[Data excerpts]

_ _ _ _ _

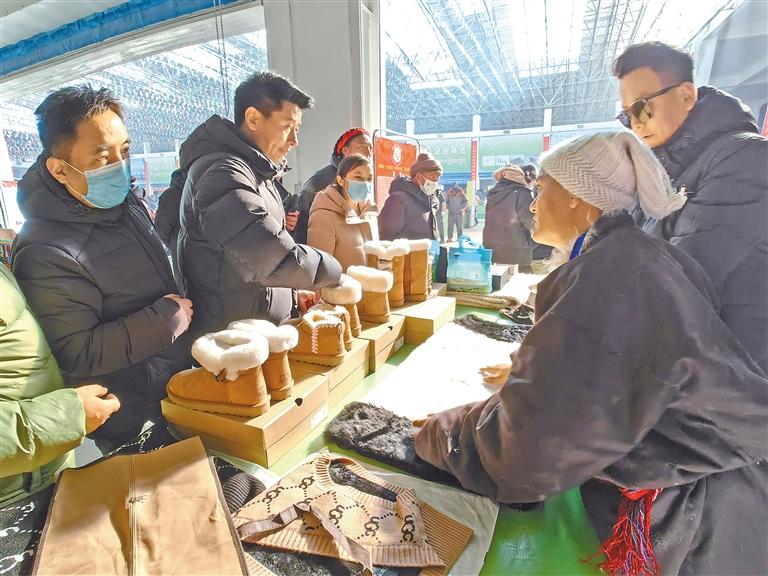 圖為市民購(gòu)買嘎措羊皮雪地靴。本報(bào)記者 趙書彬 攝
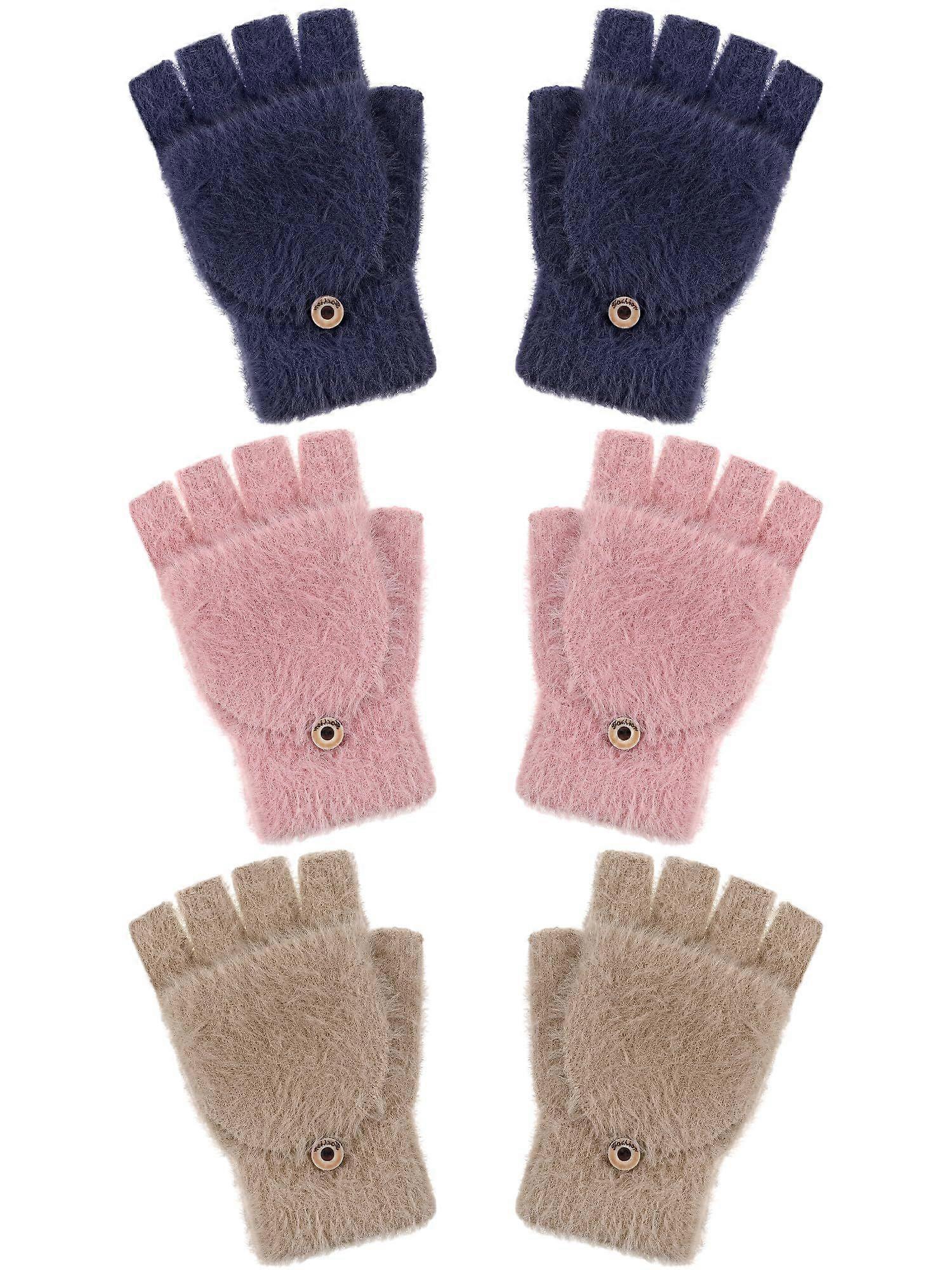 3 Pairs Kids Fingerless Gloves Winter Flip Gloves Warm Convertible Mitten for Girls Teenager Half Fingerless Mittens
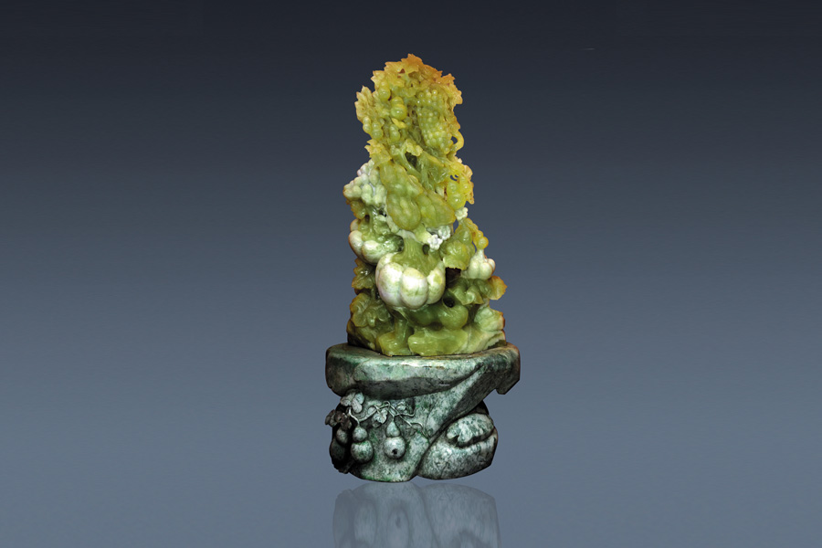 一块通体晶莹的上等玉材,雕刻出上百颗形状各异的四季瓜果,代表了成熟、丰收和富足。天然的玉色表现瓜果自然的生机,玲珑剔透,栩栩如生,达到了形、色、意的完美统一。云破天青碧波潭,滴露玲珑白玉盘。脱胎玉质独一品,偶遇知音结胜缘。 |
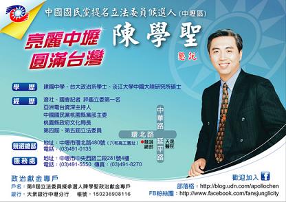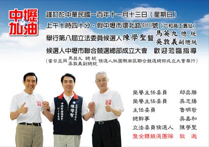 這次我個人的競選總部併同馬英九總統/吳敦義副總統候選人中壢市聯合競選總部一起成立,歡迎您之後有空到總部坐坐。謝謝!陳學聖
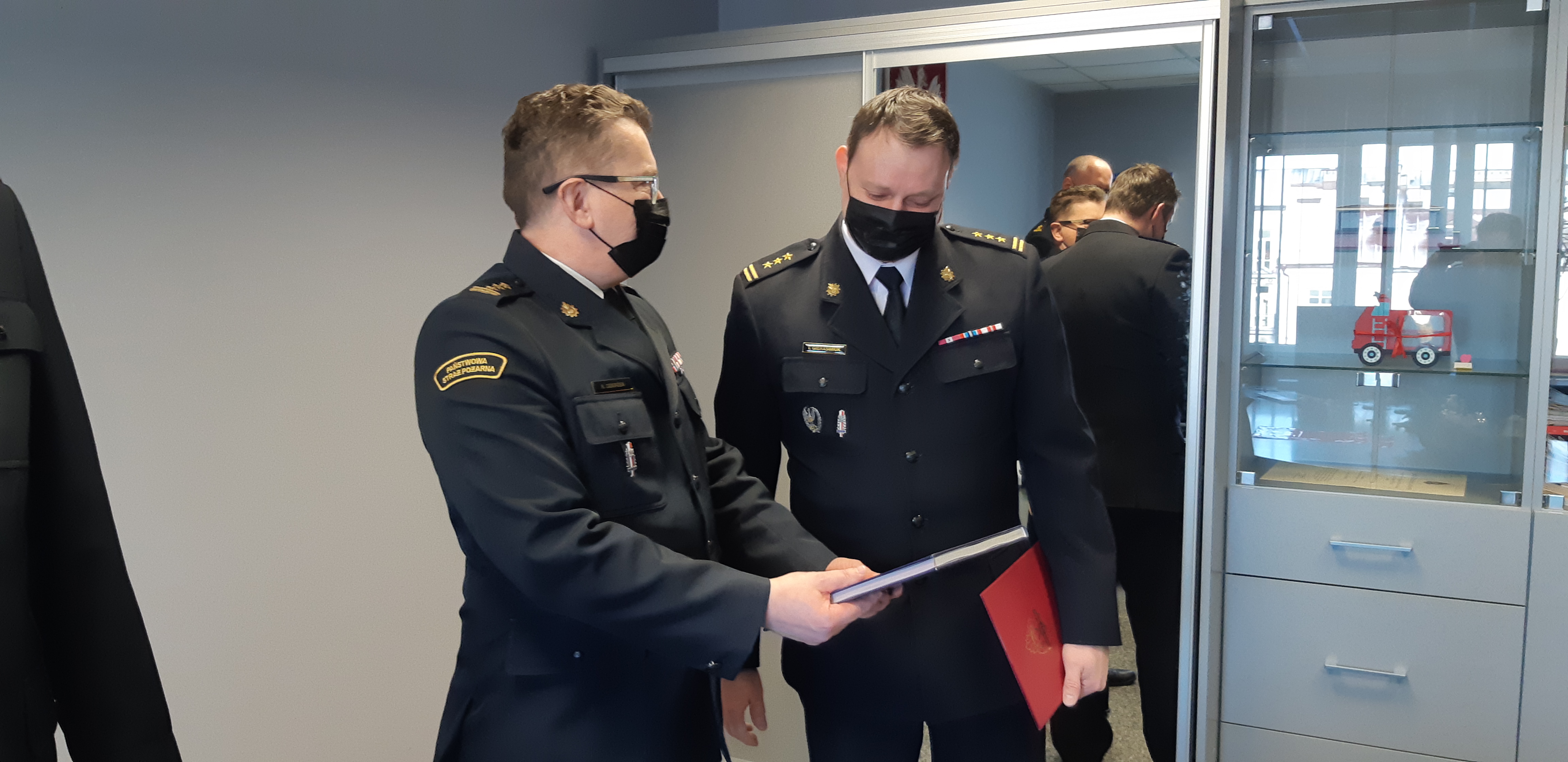 Zastępca Komendanta Wojewódzkiego Państwowej Straży Pożarnej w Białymstoku st. bryg. mgr inż. Robert Tadeusz Dzierżek następnie Zastępca Komendanta Miejskiego Państwowej Straży Pożarnej w Białymstoku bryg. mgr Radosław Pułtorak oraz Naczelnik Wydziału Organizacyjno-Kadrowego kpt. mgr inż. Karol Sulima złożyli odchodzącemu na zaopatrzenie emerytalne funkcjonariuszowi wyrazy uznania za okazaną w czasie służby staranność, troskę i odpowiedzialność na zajmowanym stanowisku oraz podziękowania za wieloletnią służbę w pożarnictwie.
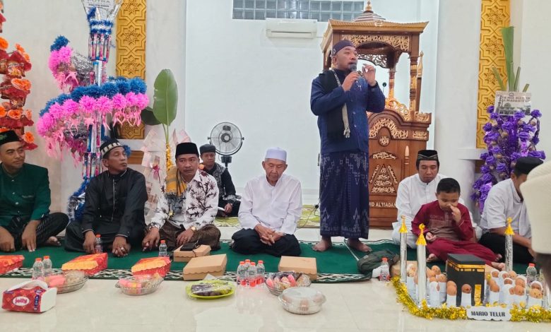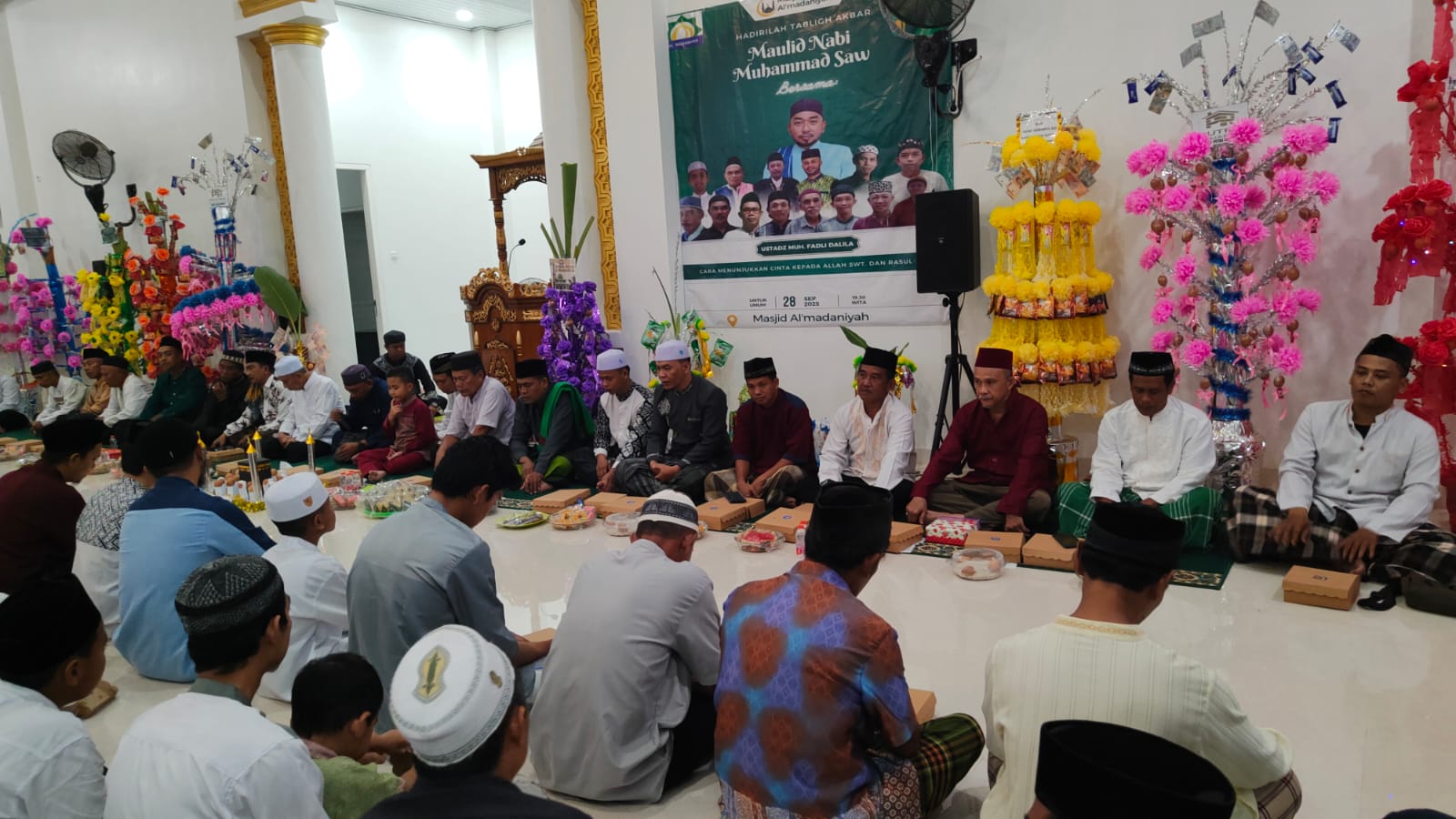 Ketua Ta’mir Masjid Al-Madaniyah, Salim Gasalele, S.Pd.I, dalam sambutannya menyampaikan bahwa Maulid Nabi adalah momentum penting untuk mengambil ibrah (pelajaran) dari kisah dan teladan Rasulullah SAW.

_ _ _ _ _

WHAT THIS TASK INVOLVES:
Quote the lines above exactly, starting with the one that has "3 Pairs Kids" and ending with the one that has "這次我個人的競選總部併同馬英"; drop the pictures and include nothing else.

ANSWER:
 3 Pairs Kids Fingerless Gloves Winter Flip Gloves Warm Convertible Mitten for Girls Teenager Half Fingerless Mittens
 一块通体晶莹的上等玉材,雕刻出上百颗形状各异的四季瓜果,代表了成熟、丰收和富足。天然的玉色表现瓜果自然的生机,玲珑剔透,栩栩如生,达到了形、色、意的完美统一。云破天青碧波潭,滴露玲珑白玉盘。脱胎玉质独一品,偶遇知音结胜缘。 |
 這次我個人的競選總部併同馬英九總統/吳敦義副總統候選人中壢市聯合競選總部一起成立,歡迎您之後有空到總部坐坐。謝謝!陳學聖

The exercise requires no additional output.